Chapter 8 discusses the archaeological evidence for cultivation choices made on provincial estates, trying to establish when large-scale arboriculture was a viable and appealing choice for growers. The case study of two farms in southern France suggests that even for modest colonial famers cultivating the grapevine and making wine for the market were attractive commercial choices. The fact that these cultivated a combination of wild and cultivated vines might be indicative of the limited opportunities they had in accessing plant cuttings and young vines from nurseries. The chapter concludes by comparing the Iberian and Gallic evidence with that available for Roman Britain, a region for which rich archaeobotanical datasets exists.

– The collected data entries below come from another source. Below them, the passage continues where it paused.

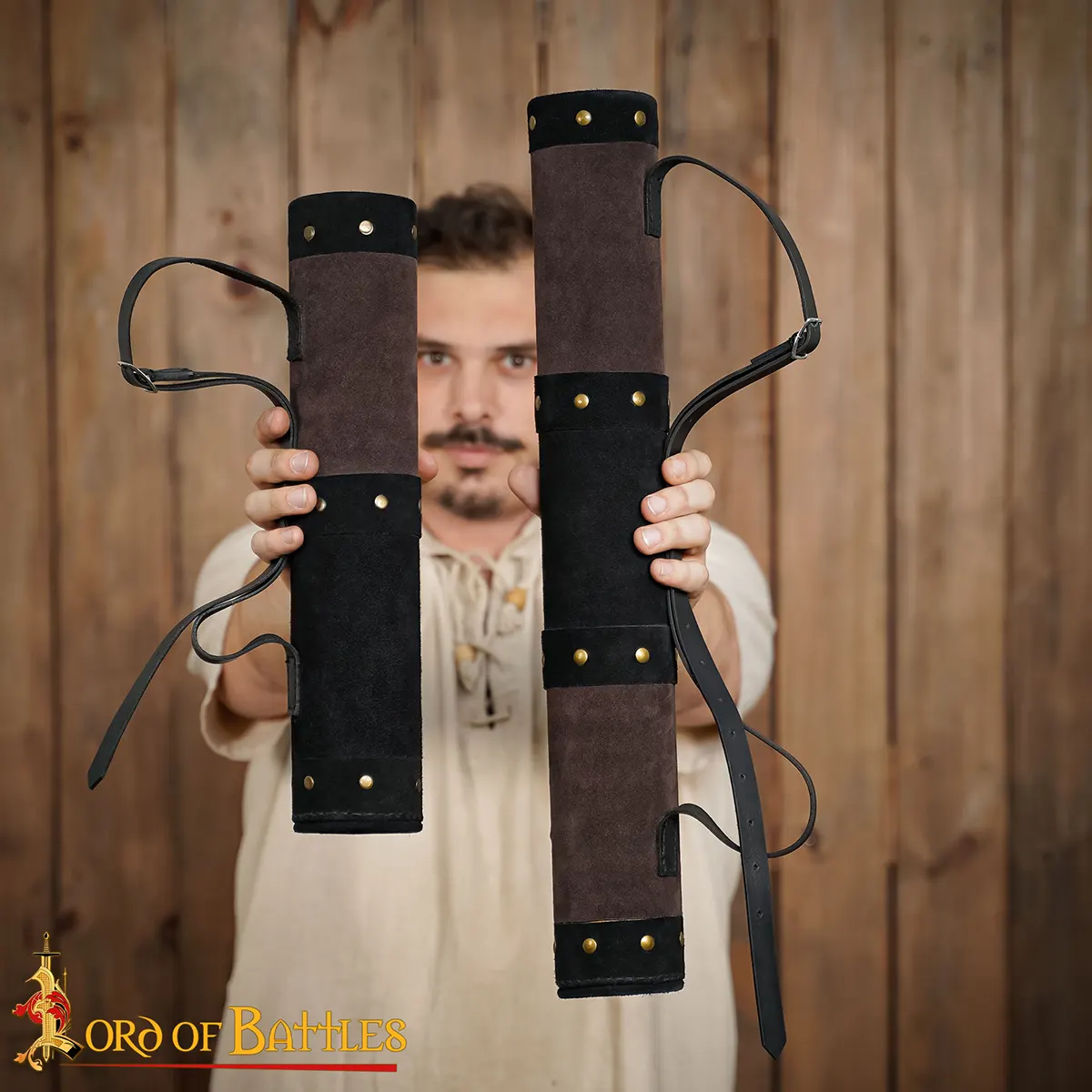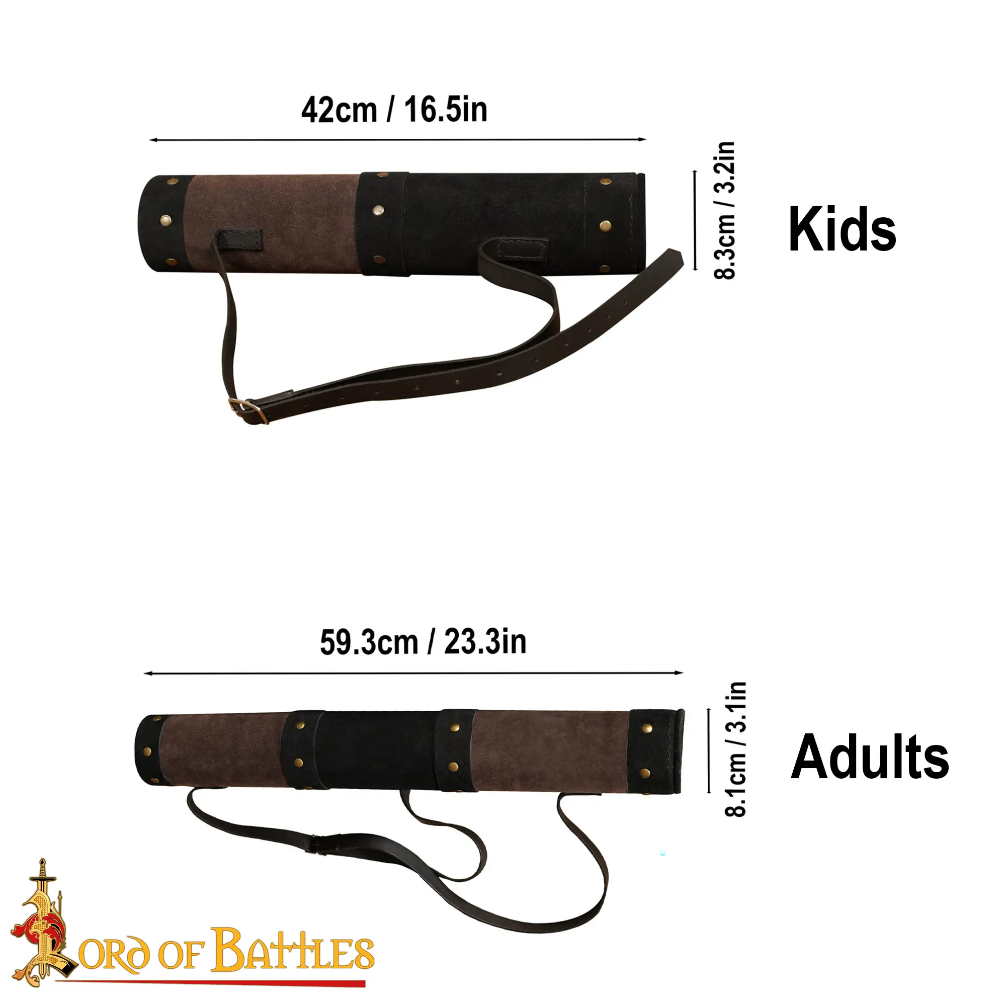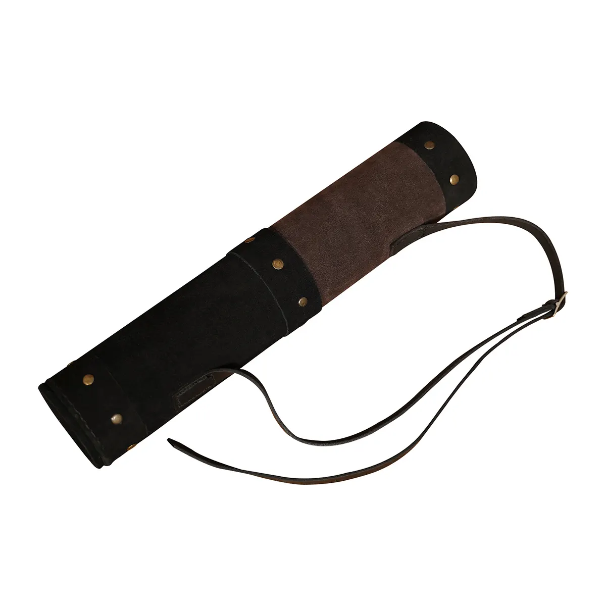 This handmade suede leather quiver blends practical function with medieval style, making it ideal for both archers and historical enthusiasts. Crafted from two-tone suede in brown and black, it features brass rivet reinforcement and a sturdy cylindrical body designed to keep arrows secure while moving or drawing.
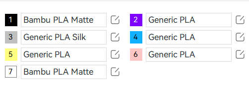 The printing is done with a single AMS. I have added a pause before the fifth color and have arranged the fifth to seventh colors in the spaces, 4th, 3rd and 1st of the AMS, in that order (I attach photos for clarity).
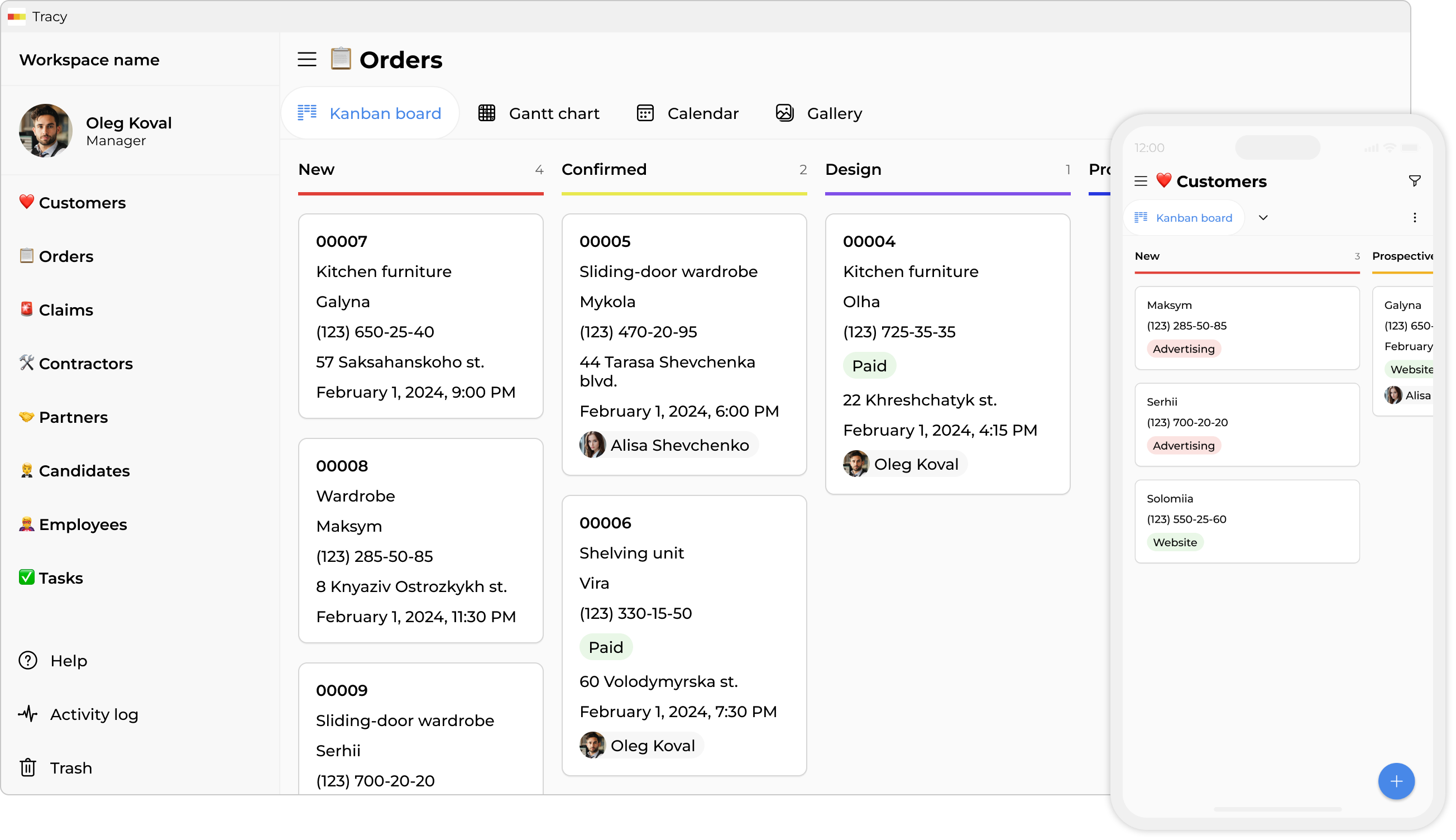 Tracy adapts as you grow: databases, workflows, fields, and permissions—all tailored to your business.
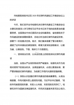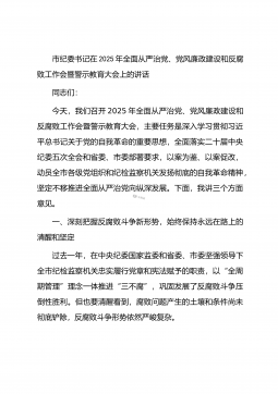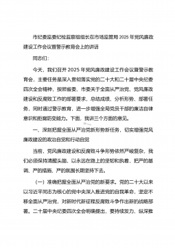 市纪委监委纪检监察组组长在市场监管局2025年党风廉政建设工作会议暨警示教育会上的讲话同志们:今天,我们召开2025年党风廉政建设工作会议暨警示教育会,主要任务是深入贯彻落实党的二十大和二十届中央纪委四次全会精神,按照省委、市委关于全面从严治党、党风廉政建设和反腐败工作的部署要求,总结成绩、分析形势、部署任务,同时通过警示教育,进一步增强全局党员干部的廉洁自律意识和拒腐防变能力。下面,我讲三个方面的意见。一、深刻把握全面从严治党新形势新任务,切实增强党风廉政建设的政治自觉和行动自觉当前,党风廉政建设和反腐败斗争形势依然严峻复杂,我们必须保持清醒头脑,以永远在路上的坚韧和执着,把严的基调、严的措...
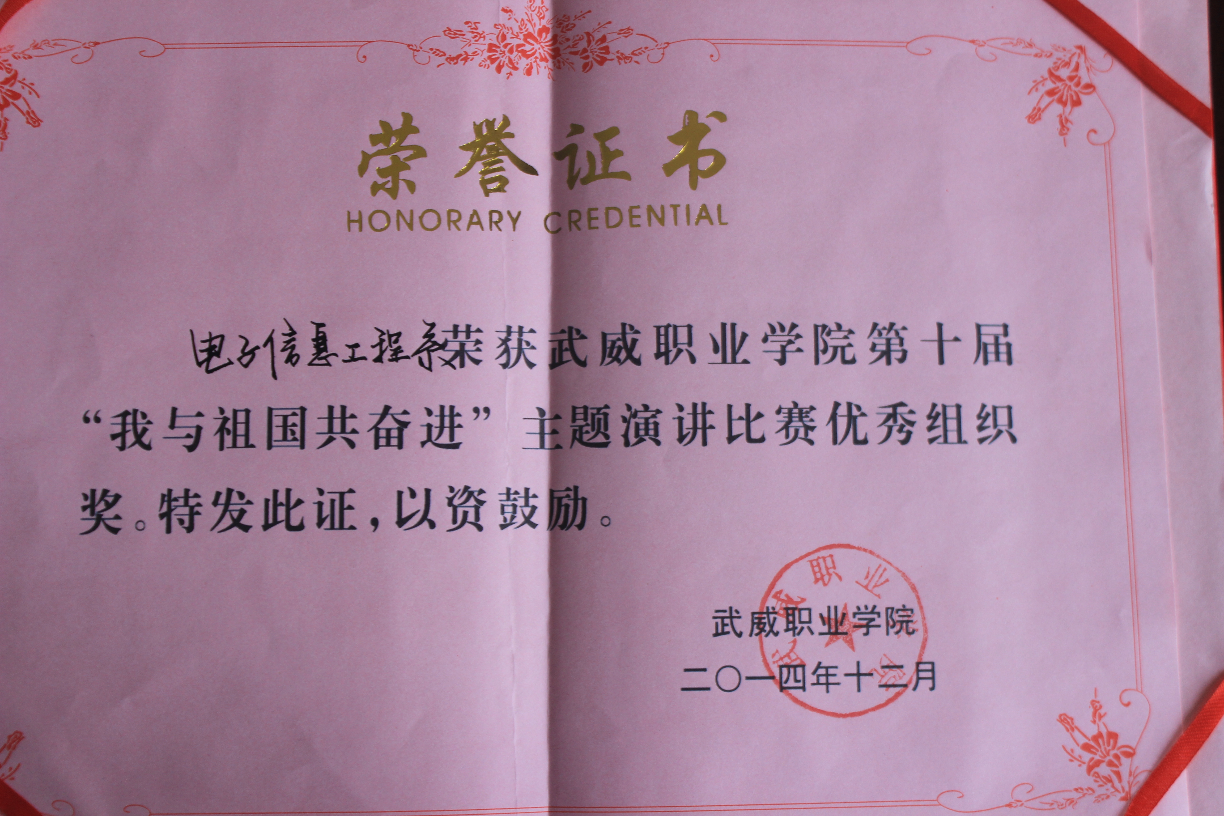 第十屆“我與祖國共奮進”主題演講比賽-優(yōu)秀組織獎
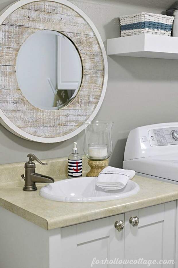 Зеркало в круглой раме с поперечными деревянными планками – оригинальное решение для ванной
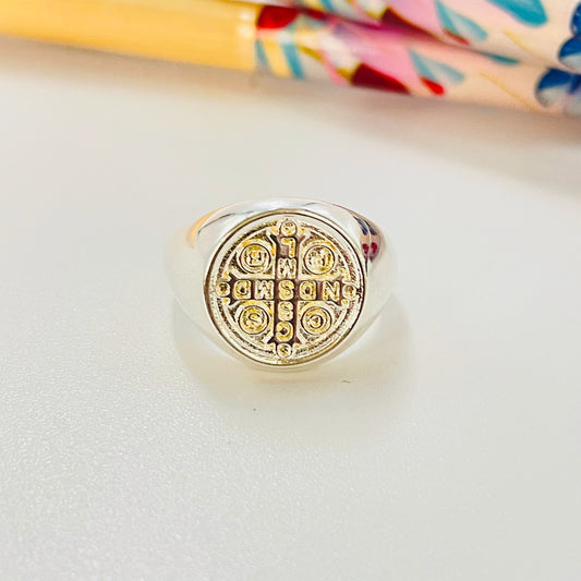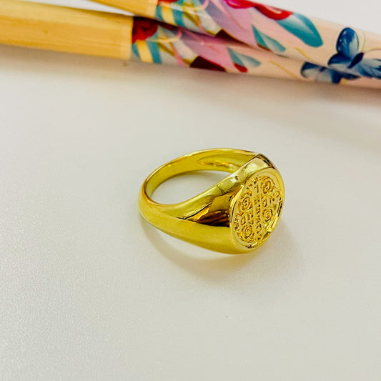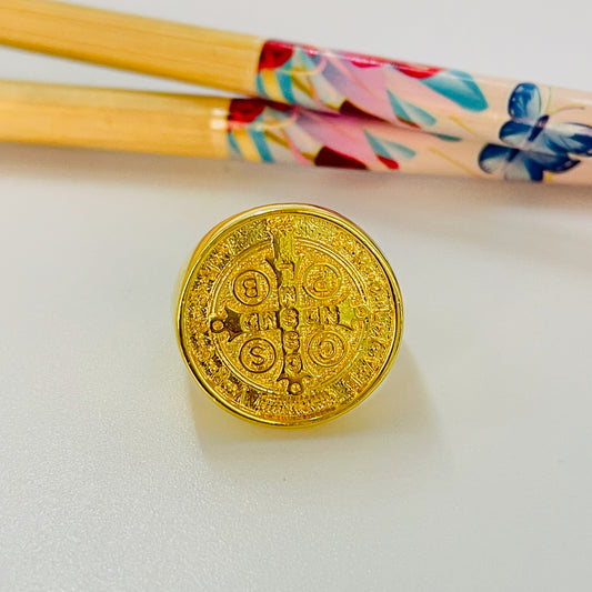 WO72 Anillo Tipo Chevalier Large San Benito Esfera diá. 19.5 mm Ancho argolla 3 mm Anillo Baño Oro
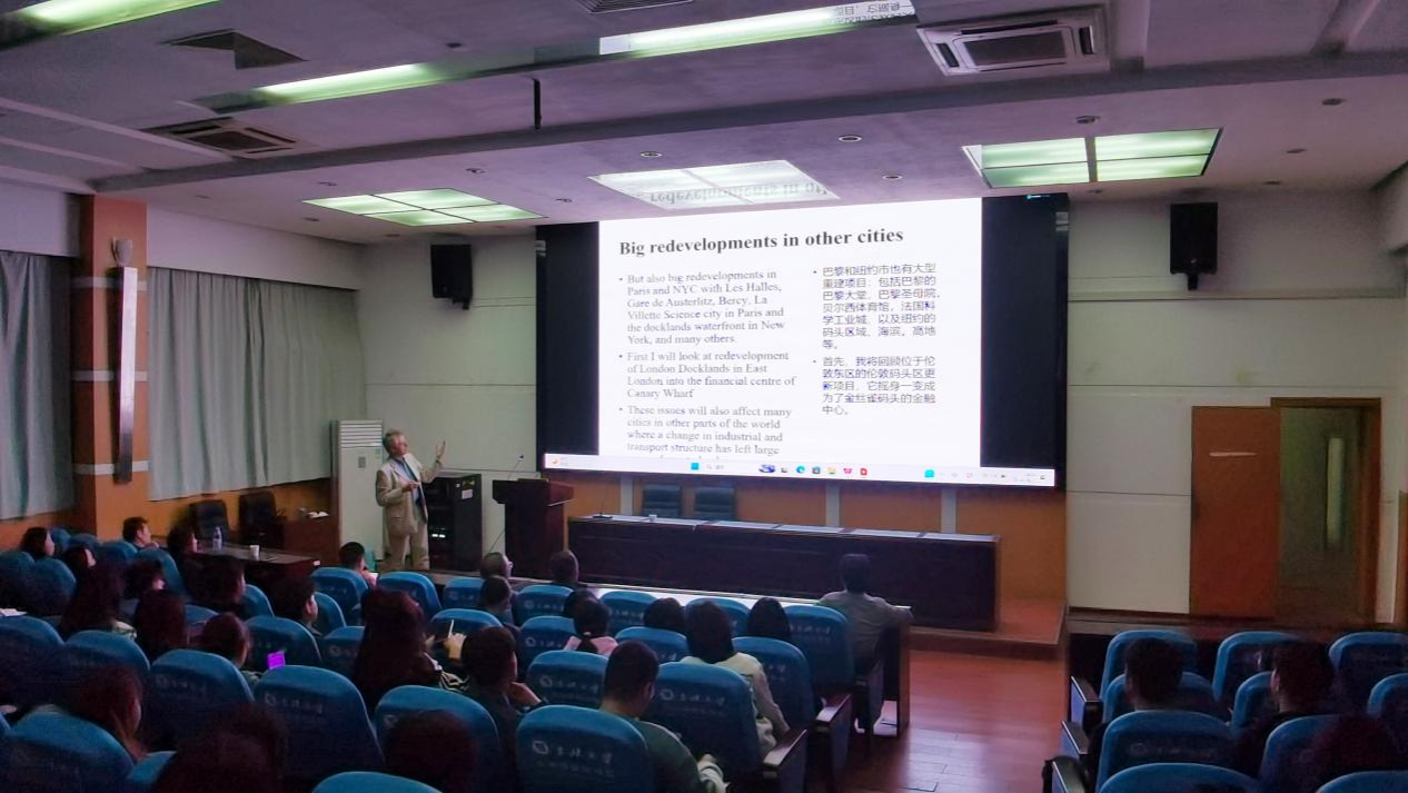 聘任仪式结束后,Hamnett 教授随即为师生们带来了一场精彩的学术报告。报告以“伦敦市中心的大规模更新”为主题,由城建系系主任许华华老师主持,吸引了土建学院一百余名师生参加。在报告中,Hamnett 教授凭借其深厚的学术造诣和丰富的实践经验,围绕伦敦市中心的码头、火车站等区域的城市更新中的土地利用问题展开了深入探讨。他不仅分享了国际先进的城市更新理念和方法,还结合北京钢铁厂重建案例,与师生们共同探讨国内城市更新的相关议题,提出了关于工业旧址、交通设施等存量用地再开发的创新思路。

The Roman era increased the range of plant foods consumed and allowed the acclimatization of certain plants into Britain; here, large-scale fruit cultivation seems to have occurred on larger estates, whose proprietors had access to capital, technical knowledge and markets with sufficient aggregate demand. Roman Britain shows quite clearly that the overall pattern in the distant provinces was not so different from the heartland of Roman agriculture.